*Exercise instructions*: Output the line containing "- Кухонная мойка" and each line after it through the end of the data, exactly as written, with pictures left out.

[Dataset items]
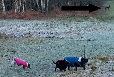 we saw several other dog walkers, and a herd of deer which was far too fast
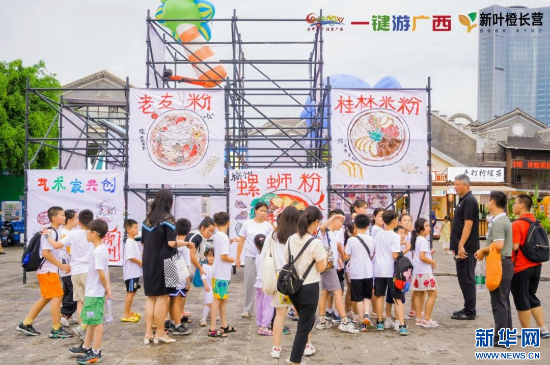 当晚,来自辽宁、北京、河北、广东等地的青少年组成的“广西米粉文化研学旅游体验团”,走进柳州窑埠古镇星光夜集开展研学。体验团的青少年成员们参与“就是这么柳”寻宝探秘游戏,学习柳州方言,体验传统米粉制作,寻找最具民族风的摊位,他们还收到当地小朋友送出的柳州特色“游学手信”。
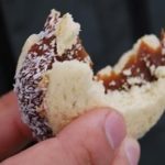 8.לוקחים מעט ריבת חלב ומורחים על השולחן, מגלגלים את דפנות העוגייה לתוך ריבת החלב ולאחר מכן לקוקוס.
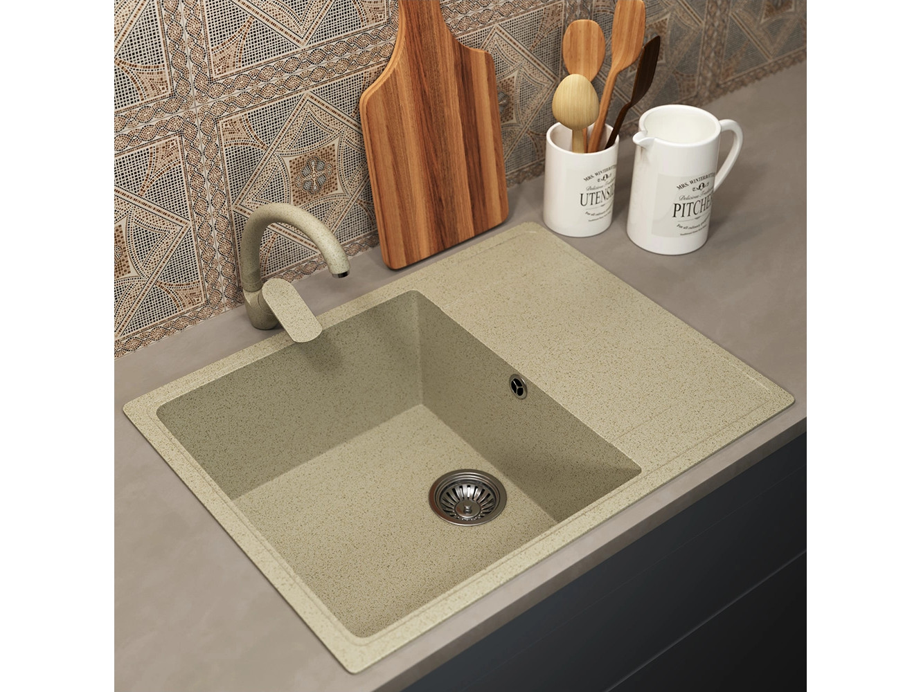 - Кухонная мойка Uperwood ECON UPD-202-002 бежевая матовая
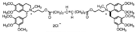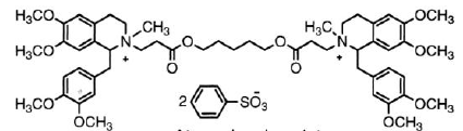 | atracurium besylate - non depolarizing NMJ blocker - cc: benzylisoquinoline - they are competitive receptor antagonist - all are ionized - Exception: CNS side effects - therapeutic use: muscle relaxation - reversal of effects of non depolarizing: AChI | |

*Exercise answer*:
 - Кухонная мойка Uperwood ECON UPD-202-002 бежевая матовая
 | atracurium besylate - non depolarizing NMJ blocker - cc: benzylisoquinoline - they are competitive receptor antagonist - all are ionized - Exception: CNS side effects - therapeutic use: muscle relaxation - reversal of effects of non depolarizing: AChI | |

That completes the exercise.